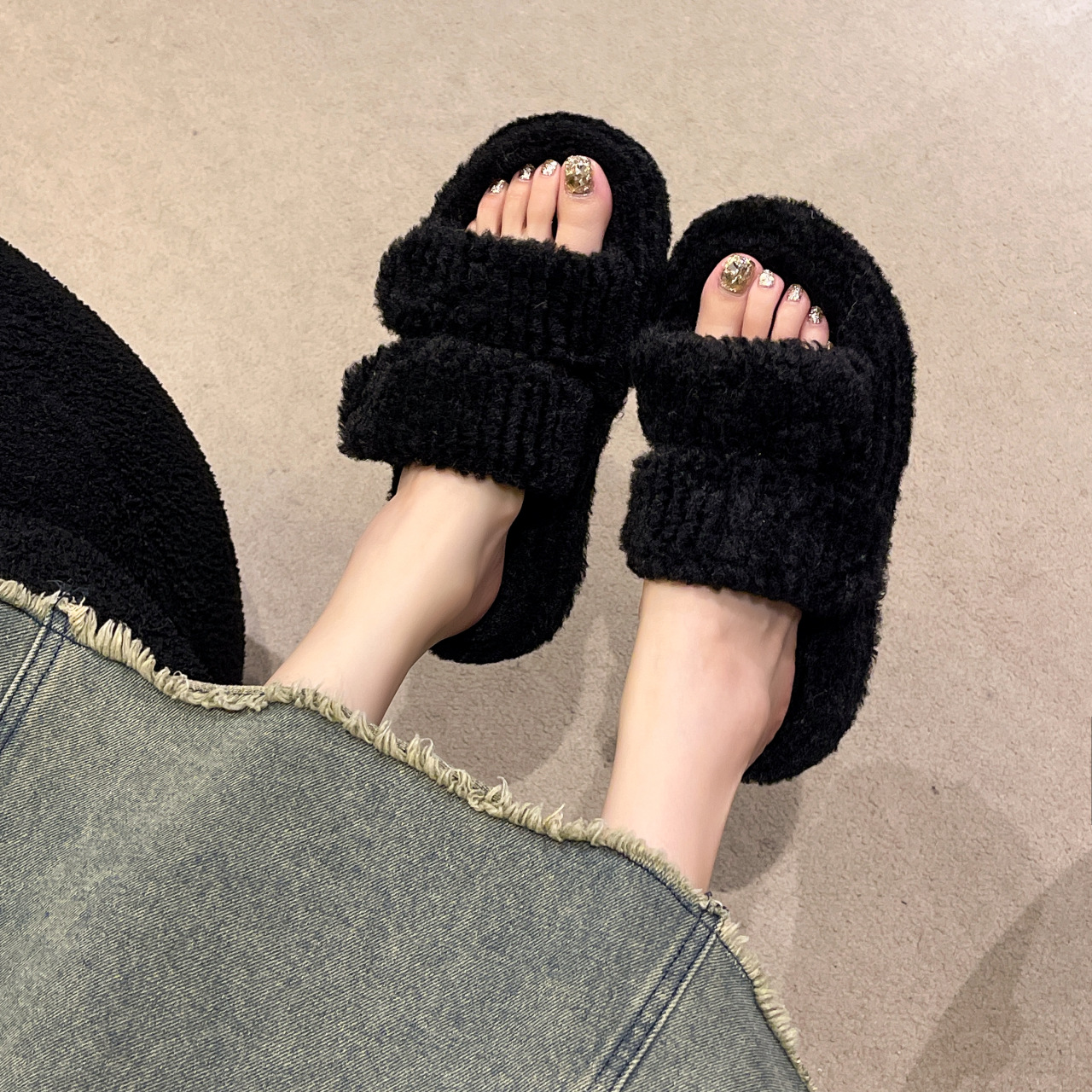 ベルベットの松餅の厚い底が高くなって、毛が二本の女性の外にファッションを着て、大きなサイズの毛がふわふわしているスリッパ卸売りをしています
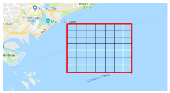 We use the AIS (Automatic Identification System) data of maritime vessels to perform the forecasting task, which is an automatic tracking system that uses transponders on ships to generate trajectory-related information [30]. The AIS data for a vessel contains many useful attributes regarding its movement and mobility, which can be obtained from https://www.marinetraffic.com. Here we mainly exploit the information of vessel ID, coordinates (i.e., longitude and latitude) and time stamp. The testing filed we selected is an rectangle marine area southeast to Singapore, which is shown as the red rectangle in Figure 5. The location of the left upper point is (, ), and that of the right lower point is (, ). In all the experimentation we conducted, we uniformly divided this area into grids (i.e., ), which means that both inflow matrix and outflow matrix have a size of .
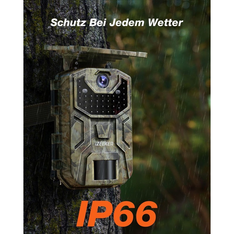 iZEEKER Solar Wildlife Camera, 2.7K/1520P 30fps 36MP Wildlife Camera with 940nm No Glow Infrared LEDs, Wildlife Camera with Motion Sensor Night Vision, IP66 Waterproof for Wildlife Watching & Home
...
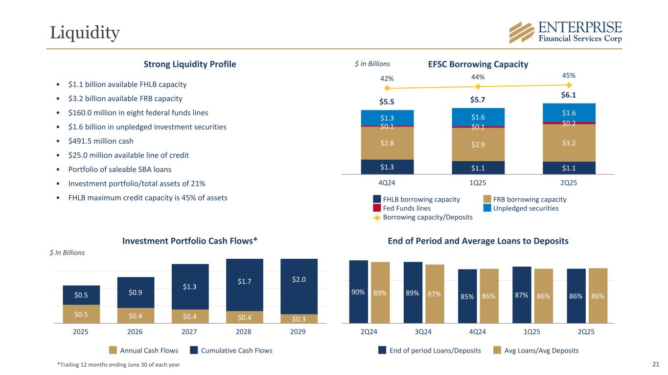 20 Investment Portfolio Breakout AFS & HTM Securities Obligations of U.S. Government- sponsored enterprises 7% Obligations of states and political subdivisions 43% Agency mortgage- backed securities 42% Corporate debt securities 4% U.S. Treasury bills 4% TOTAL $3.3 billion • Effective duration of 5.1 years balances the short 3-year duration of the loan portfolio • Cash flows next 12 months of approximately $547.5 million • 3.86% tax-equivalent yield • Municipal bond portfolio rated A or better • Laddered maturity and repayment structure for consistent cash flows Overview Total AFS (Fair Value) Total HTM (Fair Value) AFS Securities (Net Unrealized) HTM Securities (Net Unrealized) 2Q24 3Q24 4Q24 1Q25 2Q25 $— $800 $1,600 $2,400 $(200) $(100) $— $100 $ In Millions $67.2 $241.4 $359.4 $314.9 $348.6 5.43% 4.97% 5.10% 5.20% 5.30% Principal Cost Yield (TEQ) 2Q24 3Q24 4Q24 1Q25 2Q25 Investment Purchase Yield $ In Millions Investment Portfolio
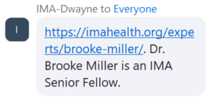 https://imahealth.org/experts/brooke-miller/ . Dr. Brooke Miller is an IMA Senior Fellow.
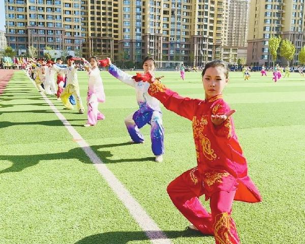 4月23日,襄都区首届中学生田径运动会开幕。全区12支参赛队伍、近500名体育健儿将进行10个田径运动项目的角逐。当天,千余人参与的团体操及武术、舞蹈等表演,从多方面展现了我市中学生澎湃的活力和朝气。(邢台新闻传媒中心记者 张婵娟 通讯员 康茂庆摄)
* * *
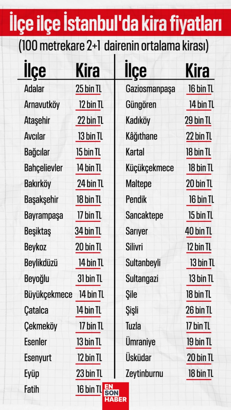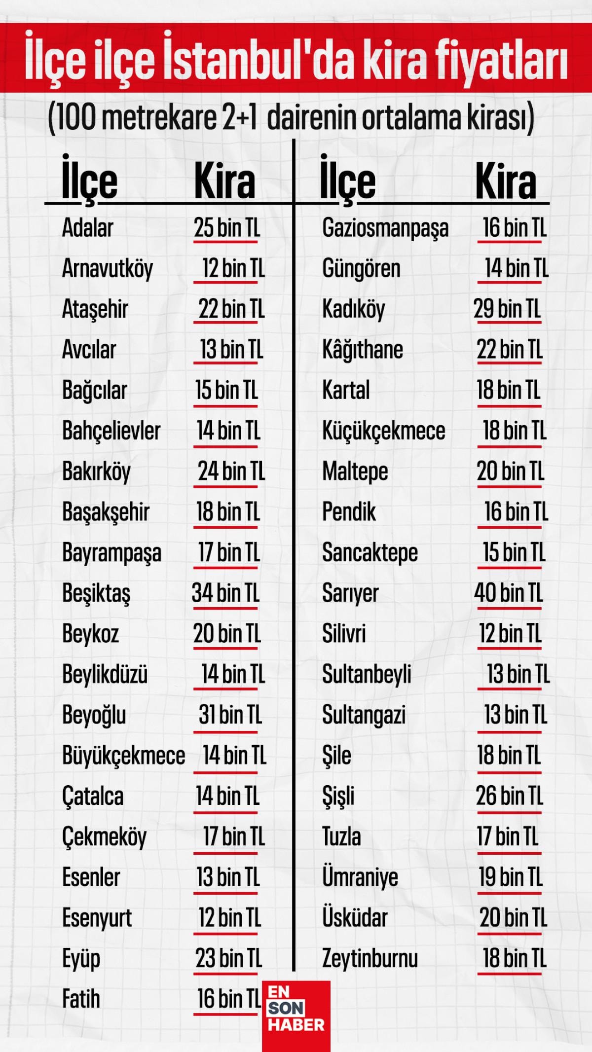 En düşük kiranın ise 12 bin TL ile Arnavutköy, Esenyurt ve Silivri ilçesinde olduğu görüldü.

* _Work required_:
Everything above from the line with "ベルベットの松餅の厚い底が高" through the line with "iZEEKER Solar Wildlife" should be retyped exactly, and nothing else; omit pictures.

* _Written solution_:
 ベルベットの松餅の厚い底が高くなって、毛が二本の女性の外にファッションを着て、大きなサイズの毛がふわふわしているスリッパ卸売りをしています
 We use the AIS (Automatic Identification System) data of maritime vessels to perform the forecasting task, which is an automatic tracking system that uses transponders on ships to generate trajectory-related information [30]. The AIS data for a vessel contains many useful attributes regarding its movement and mobility, which can be obtained from https://www.marinetraffic.com. Here we mainly exploit the information of vessel ID, coordinates (i.e., longitude and latitude) and time stamp. The testing filed we selected is an rectangle marine area southeast to Singapore, which is shown as the red rectangle in Figure 5. The location of the left upper point is (, ), and that of the right lower point is (, ). In all the experimentation we conducted, we uniformly divided this area into grids (i.e., ), which means that both inflow matrix and outflow matrix have a size of .
 iZEEKER Solar Wildlife Camera, 2.7K/1520P 30fps 36MP Wildlife Camera with 940nm No Glow Infrared LEDs, Wildlife Camera with Motion Sensor Night Vision, IP66 Waterproof for Wildlife Watching & Home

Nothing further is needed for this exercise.